Итак, их снова отрезали от мира, заключили в черной коробке камеры, отгородили от дня и ночи непроницаемой картонной обивкой, обрекли на еду из рук Дженаро — этого злобного борова в замызганном переднике, таскающего половник по грязному, заплеванному полу.
— Нас считают самыми опасными преступниками в тюрьме, — не без наивного тщеславия заметил Бухгалтер.
(Прежде всего — даже прежде, чем повидаюсь с Онорио, — я пойду на могилу Мерседиты Рамирес. Потом разыщу, кого можно, из членов нашей партии. Многие выйдут из тюрем, из подполья, вернутся из ссылки. Обнимемся, как братья, после долгой разлуки. И сразу же за дело. Будем ездить по деревням и поселкам, собирать по человеку, восстанавливать наши ряды. Мы выполним свою задачу — придем к власти, чтобы возродить страну на справедливой основе.)
— Они боятся, что мы поднимем бунт среди заключенных, разоружим охрану и захватим тюрьму, — сказал Журналист на замечание Бухгалтера.
(Сначала — к Милене, она заслужила поцелуй. Затем в редакцию — повидать друзей-репортеров и распить с ними ради встречи бутылку виски. Первое время поживу в доме отца. Конечно, познакомлюсь с Онорио, займусь его судьбой. Но что бы я ни делал, я ни на минуту не забуду клятвы убить Бакалавра. Восставшие попытаются схватить его, но Бакалавр, хитрый скорпион, старая лиса, наверняка улизнет, скроется в посольстве какой-нибудь из латиноамериканских диктатур. Там ему любезно предоставят убежище: «Пожалуйста, сеньор Бакалавр, чувствуйте себя как дома!» Что ж, мне это на руку, мне хочется верить в предприимчивость Бакалавра, в ловкость и неуловимость Бакалавра, потому что право убить Бакалавра принадлежит мне, и никто, даже народ, не может лишить меня этого права.)
— Все зависит от результатов всеобщей забастовки, — сказал Врач. — Если она будет действительно общей, целенаправленной и боевой, то, учитывая нынешнюю обстановку, диктатуру ничто не спасет.

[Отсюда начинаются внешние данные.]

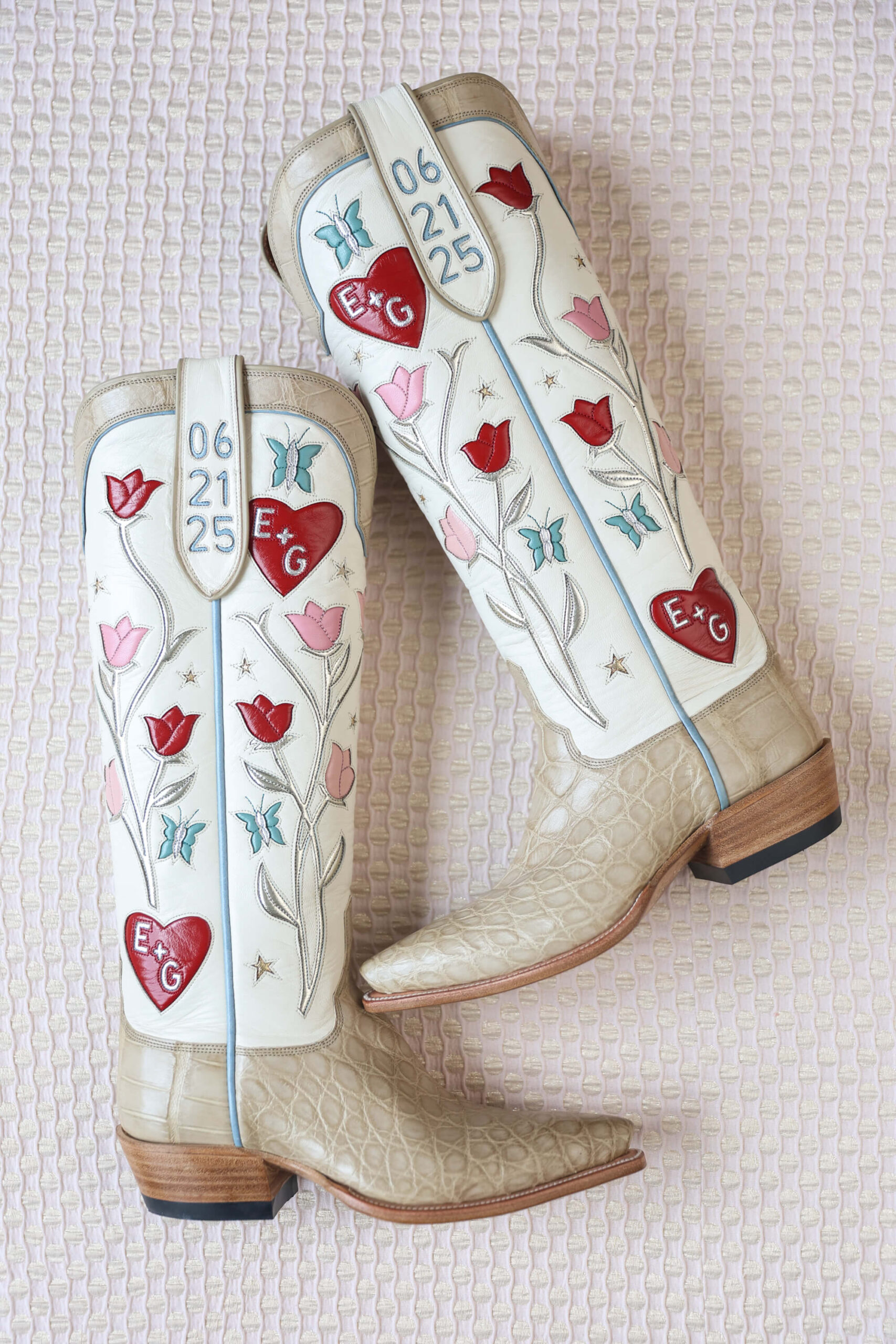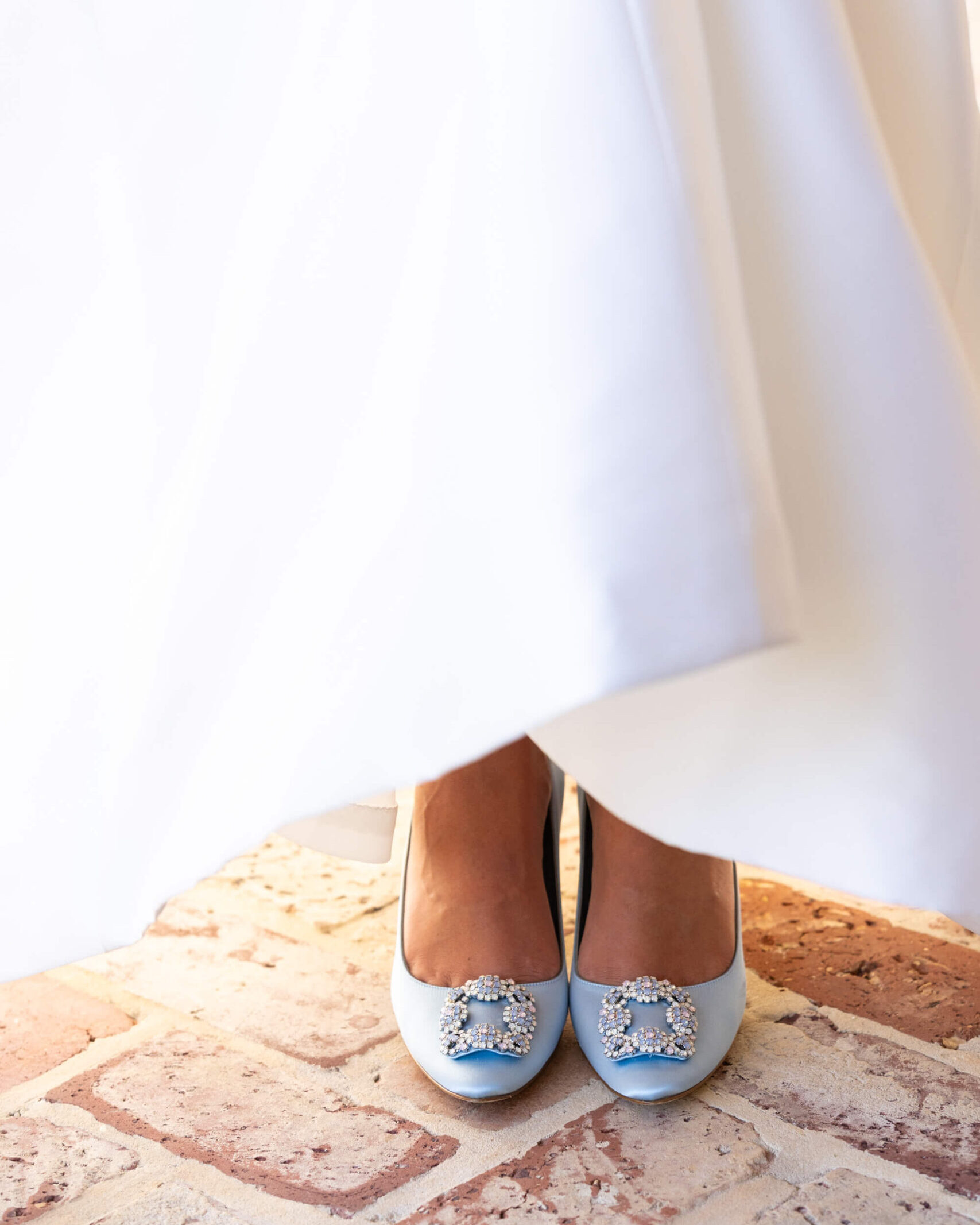 - Shoes hat pop – Think metallic heels, pearl-embellished slingbacks, chic sneakers, colorful platforms, or even a bold bridal pair of boots.

(Увидев меня живым и здоровым, женщины моего дома заплачут от радости — они будут уверять, что от радости. Так же они встречали моего отца, когда он пришел из тюрьмы. Хотя отец вернулся не таким уж здоровым. Впрочем, и я не могу похвастаться здоровьем, если говорить начистоту. В последнее время я здорово похудел, потерял аппетит, кашляю, к вечеру поднимается температура, ночью потею. Руководство партии наверняка пошлет меня в санаторий, быть может, в Советский Союз. И как бы я ни возражал, — выйти из боя в такой ответственный момент! — они заставят меня в дисциплинарном порядке уехать на лечение, я их знаю. Буду лечить свой туберкулез среди снегов и сосен. Потом, прежде чем вернуться в строй, пойду на Красную площадь, поклонюсь могиле Ленина. Я вылечусь, я обязан вылечиться. Ведь если мы можем приносить пользу и после смерти, то живые — тем более!)
— Они поступили не так уж глупо, упрятав нас под замок, — сказал Капитан. — Признаться, последнее время я ночи напролет обдумываю план захвата тюрьмы силами заключенных. И, кажется, такая возможность близка.
(В мертвую, букву, в пустую бумажонку превратится решение военного трибунала, осудившего меня на двенадцать лет тюрьмы и увольнение из кадров армии. Немедля я вернусь в свой батальон — в чине капитана, в форме капитана. Как и прежде, над плацем понесется моя команда: «На пле-чо! Смир-но!» И мне ответит короткий лязг винтовок, вскинутых солдатскими руками. Я попрошу мать остаться в столице. Она с удовольствием примет предложение — жить у меня под боком, слушать обожаемых Моцарта и Брамса не в граммофонной записи, а в исполнении живого оркестра, сидя в кресле партера. Что касается Ноэми, то я постараюсь держаться — как можно дальше от ее прекрасных серых глаз.)